* DESCRIPTION OF THE TASK *
Omit all pictures, then retype the data exactly as given.

* MATERIAL TO PROCESS *
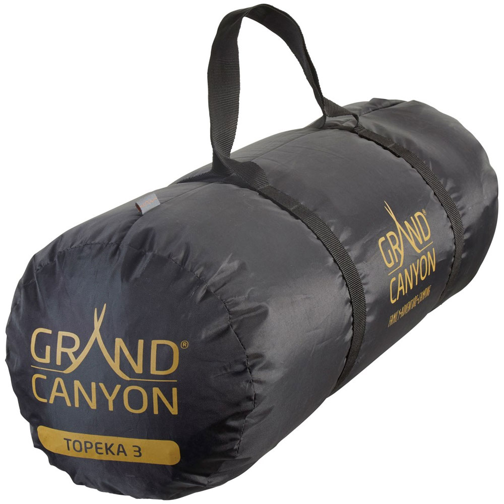 Das Grand Canyon Topeka 3 ist ein vielseitiges Kuppelzelt für bis zu drei Personen und ideal für Campingausflüge und Kurztrips geeignet. Mit seiner kuppelförmigen Apsis bietet es viel Platz und zusätzlichen Stauraum, während der Aufbau schnell und unkompliziert erfolgt. Dank seiner windstabilen Konstruktion ist das Zelt auch bei unbeständigem Wetter zuverlässig. Das Innenzelt kann separat aufgestellt werden, während die Außenplane abnehmbar ist. Die GrandFlow-Belüftung an der hinteren Außenplane sorgt für eine verbesserte Luftzirkulation, die sich stufenweise regulieren lässt. Das Zelt verfügt über eine wasserdichte Plane sowie einen wasserdichten Boden, um optimalen Schutz vor Nässe zu bieten. In der vorderen Apsis mit integriertem Gestängeboden lässt sich schmutzige oder feuchte Ausrüstung bequem lagern. Reflektierende Abspannleinen erhöhen die Sichtbarkeit bei Dunkelheit, und die Zeltstangen aus Fiberglas sowie die Heringe aus Stahl sorgen für zusätzliche Stabilität. Eine praktische Trage- und Verstautasche mit Logo-Details rundet das Gesamtpaket ab, sodass das Topeka 3 leicht transportiert und platzsparend verstaut werden kann.
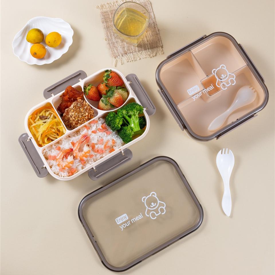 Contenedor de Alimentos de Plástico de Bajo Precio, Lonchera Bento para Oficina, Compartimentos Reutilizables, Caja de Almacenamiento de Alimentos para Cocina
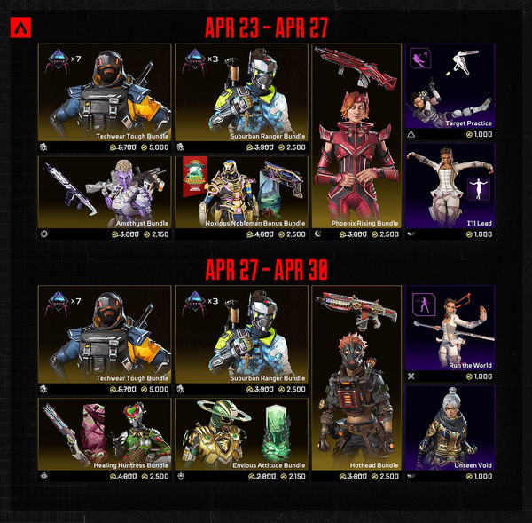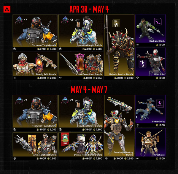Explora ofertas por tiempo limitado en la tienda, incluido el lote Exploradora suburbana. Echa un vistazo a las ofertas semanales, como el lote Impetuoso (disponible del 27 al 30 de abril de 2024) o el lote Búsqueda y destrucción (disponible del 4 al 7 de mayo de 2024).
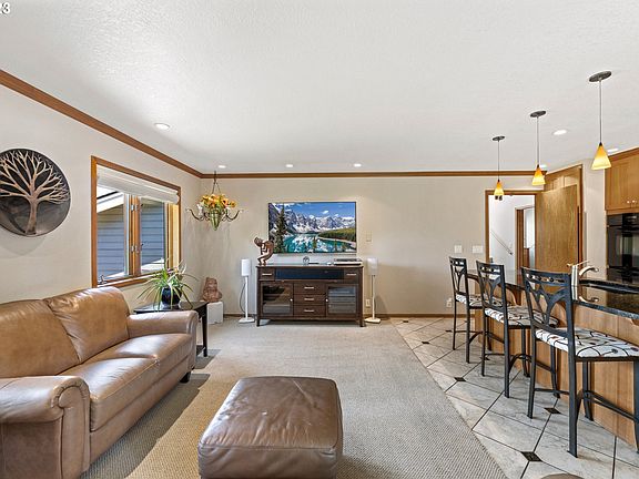 Don't miss this great 4 bedroom, 3 full bath home at the end of a cul-de-sac in North Bend! From the front door you walk into a tiled entry area with access to the great kitchen and family room, formal living room, primary bedroom and stairs to either up stairs or down stairs. The kitchen has updated cabinets with granite counter tops, tile floor, stainless steel appliances, including a double stack oven and propane cook top and island. The kitchen is open to the family room that has nice carpet and a great layout with lots of natural light from the many windows. The formal dining room wraps around from the kitchen and has an open concept with the living room. The formal living room features a vaulted wood ceiling, cork flooring and windows to the forested private back yard. French doors from the dining living room area lead you out into a beautiful enclosed sun porch that brings the outdoors in with skylights and a wall of windows. This room is light and bright with tile flooring and views of a private forest, hot tub and propane fire pit. Also, on the main level is the primary suite. The primary suite has nice carpet flooring, a walk in closet with storage, an attached bathroom with tile floor and shower all of which are beautifully done. Taking a few stairs down you will find the nice sized laundry room w/built ins, oversized 2 car garage with tons of storage and a second primary suite. The second primary suite could also be a large office with built in shelves and a nice updated bathroom attached to this space making it perfect for many uses. Upstairs you have 2 great sized bedrooms with built ins and a full bathroom that will be completely remodeled this month. Upstairs bedroom 2 has a bay view of the bridge. On the exterior of the home you have ample parking, mature landscaping with sprinklers, a private back yard oasis with a stamped concrete patio, hot tub and a propane fire pit. This home really has it all!! WATCH VIDEO TOUR and call for a showing!
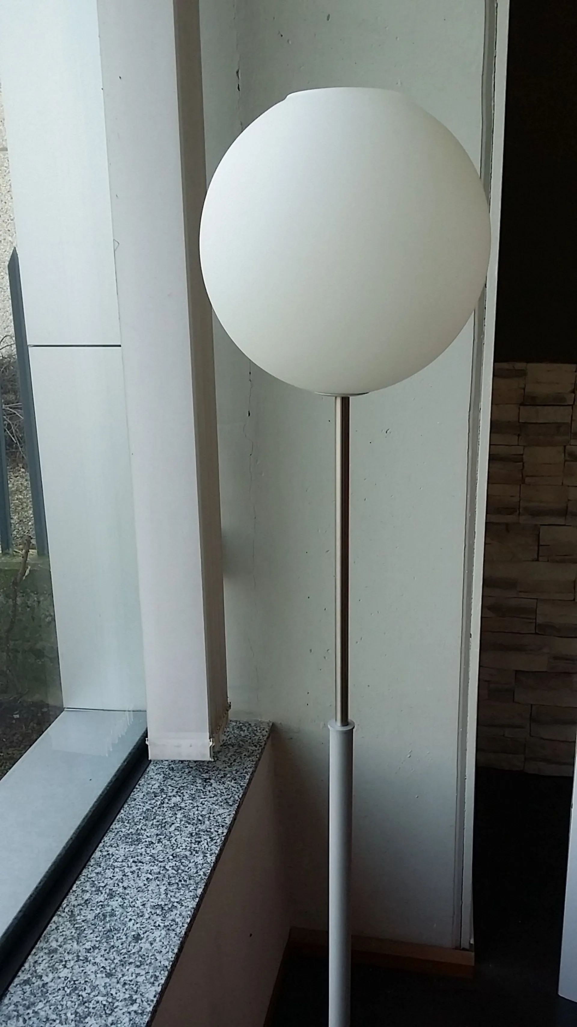 Ballèunalampadadaterramodernaeoriginalenelleforme.Losteloèmoltoleggeroesteticamente,inmetalloverniciatogoffratoalluminionellaparteinferioreesatinatonellapartesuperiore,ilparalumeèinvetrosatinatolavoratoartigianalmenteaformadibocciaapertanellapartesuperiore.E'unalampadamoltofineediscretachepuòessereposizionataovunquepercrearelucesenzamodificarel'equilibriodell& # 39; arredointornoasè .RusconiDesignArredamentiè inCirimido (COMO) a large showroom where there are many very many lamps on offer as well as the originals proposed& # 39; furnishingpersonservedirealmegliolacasaaccording toprigustandprigustintheprigusto.it

* ANSWER TO THIS PROBLEM *
 Das Grand Canyon Topeka 3 ist ein vielseitiges Kuppelzelt für bis zu drei Personen und ideal für Campingausflüge und Kurztrips geeignet. Mit seiner kuppelförmigen Apsis bietet es viel Platz und zusätzlichen Stauraum, während der Aufbau schnell und unkompliziert erfolgt. Dank seiner windstabilen Konstruktion ist das Zelt auch bei unbeständigem Wetter zuverlässig. Das Innenzelt kann separat aufgestellt werden, während die Außenplane abnehmbar ist. Die GrandFlow-Belüftung an der hinteren Außenplane sorgt für eine verbesserte Luftzirkulation, die sich stufenweise regulieren lässt. Das Zelt verfügt über eine wasserdichte Plane sowie einen wasserdichten Boden, um optimalen Schutz vor Nässe zu bieten. In der vorderen Apsis mit integriertem Gestängeboden lässt sich schmutzige oder feuchte Ausrüstung bequem lagern. Reflektierende Abspannleinen erhöhen die Sichtbarkeit bei Dunkelheit, und die Zeltstangen aus Fiberglas sowie die Heringe aus Stahl sorgen für zusätzliche Stabilität. Eine praktische Trage- und Verstautasche mit Logo-Details rundet das Gesamtpaket ab, sodass das Topeka 3 leicht transportiert und platzsparend verstaut werden kann.
 Contenedor de Alimentos de Plástico de Bajo Precio, Lonchera Bento para Oficina, Compartimentos Reutilizables, Caja de Almacenamiento de Alimentos para Cocina
Explora ofertas por tiempo limitado en la tienda, incluido el lote Exploradora suburbana. Echa un vistazo a las ofertas semanales, como el lote Impetuoso (disponible del 27 al 30 de abril de 2024) o el lote Búsqueda y destrucción (disponible del 4 al 7 de mayo de 2024).
 Don't miss this great 4 bedroom, 3 full bath home at the end of a cul-de-sac in North Bend! From the front door you walk into a tiled entry area with access to the great kitchen and family room, formal living room, primary bedroom and stairs to either up stairs or down stairs. The kitchen has updated cabinets with granite counter tops, tile floor, stainless steel appliances, including a double stack oven and propane cook top and island. The kitchen is open to the family room that has nice carpet and a great layout with lots of natural light from the many windows. The formal dining room wraps around from the kitchen and has an open concept with the living room. The formal living room features a vaulted wood ceiling, cork flooring and windows to the forested private back yard. French doors from the dining living room area lead you out into a beautiful enclosed sun porch that brings the outdoors in with skylights and a wall of windows. This room is light and bright with tile flooring and views of a private forest, hot tub and propane fire pit. Also, on the main level is the primary suite. The primary suite has nice carpet flooring, a walk in closet with storage, an attached bathroom with tile floor and shower all of which are beautifully done. Taking a few stairs down you will find the nice sized laundry room w/built ins, oversized 2 car garage with tons of storage and a second primary suite. The second primary suite could also be a large office with built in shelves and a nice updated bathroom attached to this space making it perfect for many uses. Upstairs you have 2 great sized bedrooms with built ins and a full bathroom that will be completely remodeled this month. Upstairs bedroom 2 has a bay view of the bridge. On the exterior of the home you have ample parking, mature landscaping with sprinklers, a private back yard oasis with a stamped concrete patio, hot tub and a propane fire pit. This home really has it all!! WATCH VIDEO TOUR and call for a showing!
 Ballèunalampadadaterramodernaeoriginalenelleforme.Losteloèmoltoleggeroesteticamente,inmetalloverniciatogoffratoalluminionellaparteinferioreesatinatonellapartesuperiore,ilparalumeèinvetrosatinatolavoratoartigianalmenteaformadibocciaapertanellapartesuperiore.E'unalampadamoltofineediscretachepuòessereposizionataovunquepercrearelucesenzamodificarel'equilibriodell& # 39; arredointornoasè .RusconiDesignArredamentiè inCirimido (COMO) a large showroom where there are many very many lamps on offer as well as the originals proposed& # 39; furnishingpersonservedirealmegliolacasaaccording toprigustandprigustintheprigusto.it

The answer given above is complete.